ENTRIES SHOWN Start Marker

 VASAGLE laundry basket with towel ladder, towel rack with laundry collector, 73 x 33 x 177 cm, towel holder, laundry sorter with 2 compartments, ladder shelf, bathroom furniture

ENTRIES SHOWN End Marker
ENTRIES SHOWN Start Marker

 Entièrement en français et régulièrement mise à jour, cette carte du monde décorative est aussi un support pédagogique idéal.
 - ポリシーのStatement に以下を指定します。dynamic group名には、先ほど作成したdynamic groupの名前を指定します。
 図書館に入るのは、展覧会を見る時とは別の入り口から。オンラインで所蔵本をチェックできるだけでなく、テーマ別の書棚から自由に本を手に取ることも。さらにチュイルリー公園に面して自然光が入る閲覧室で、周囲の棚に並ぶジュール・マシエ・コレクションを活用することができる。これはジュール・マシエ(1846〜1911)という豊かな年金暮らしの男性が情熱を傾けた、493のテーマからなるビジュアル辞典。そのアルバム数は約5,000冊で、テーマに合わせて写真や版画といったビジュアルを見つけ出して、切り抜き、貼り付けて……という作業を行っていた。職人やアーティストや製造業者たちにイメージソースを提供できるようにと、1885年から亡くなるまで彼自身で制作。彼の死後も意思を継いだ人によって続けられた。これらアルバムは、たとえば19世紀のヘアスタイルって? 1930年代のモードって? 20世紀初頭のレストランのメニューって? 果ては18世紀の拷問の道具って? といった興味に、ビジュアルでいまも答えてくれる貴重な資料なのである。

ENTRIES SHOWN End Marker
ENTRIES SHOWN Start Marker

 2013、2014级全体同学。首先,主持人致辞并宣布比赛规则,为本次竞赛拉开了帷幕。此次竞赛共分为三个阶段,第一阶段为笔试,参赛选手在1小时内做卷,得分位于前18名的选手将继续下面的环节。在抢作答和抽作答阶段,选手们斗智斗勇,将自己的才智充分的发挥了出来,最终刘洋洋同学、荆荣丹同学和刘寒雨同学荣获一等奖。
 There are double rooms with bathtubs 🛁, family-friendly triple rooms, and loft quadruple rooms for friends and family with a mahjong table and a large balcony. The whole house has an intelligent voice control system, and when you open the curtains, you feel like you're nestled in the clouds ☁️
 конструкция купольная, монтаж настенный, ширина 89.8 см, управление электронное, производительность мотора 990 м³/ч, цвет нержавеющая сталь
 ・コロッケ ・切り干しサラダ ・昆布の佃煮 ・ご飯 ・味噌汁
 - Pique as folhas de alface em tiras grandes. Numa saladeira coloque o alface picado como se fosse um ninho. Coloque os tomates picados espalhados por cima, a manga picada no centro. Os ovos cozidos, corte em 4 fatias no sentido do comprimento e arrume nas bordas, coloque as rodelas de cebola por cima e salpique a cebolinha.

ENTRIES SHOWN End Marker

» PROBLEM REQUIREMENTS
When you reach the line with "Entièrement en français" in the records above, start writing out lines exactly, and stop once the line with "1930年代のモードって? 20世紀初頭のレストランのメニューって? 果ては18世紀の拷問の道具って?" has been written; include nothing else.

» OUTPUT BELOW
 Entièrement en français et régulièrement mise à jour, cette carte du monde décorative est aussi un support pédagogique idéal.
 - ポリシーのStatement に以下を指定します。dynamic group名には、先ほど作成したdynamic groupの名前を指定します。
 図書館に入るのは、展覧会を見る時とは別の入り口から。オンラインで所蔵本をチェックできるだけでなく、テーマ別の書棚から自由に本を手に取ることも。さらにチュイルリー公園に面して自然光が入る閲覧室で、周囲の棚に並ぶジュール・マシエ・コレクションを活用することができる。これはジュール・マシエ(1846〜1911)という豊かな年金暮らしの男性が情熱を傾けた、493のテーマからなるビジュアル辞典。そのアルバム数は約5,000冊で、テーマに合わせて写真や版画といったビジュアルを見つけ出して、切り抜き、貼り付けて……という作業を行っていた。職人やアーティストや製造業者たちにイメージソースを提供できるようにと、1885年から亡くなるまで彼自身で制作。彼の死後も意思を継いだ人によって続けられた。これらアルバムは、たとえば19世紀のヘアスタイルって? 1930年代のモードって? 20世紀初頭のレストランのメニューって? 果ては18世紀の拷問の道具って? といった興味に、ビジュアルでいまも答えてくれる貴重な資料なのである。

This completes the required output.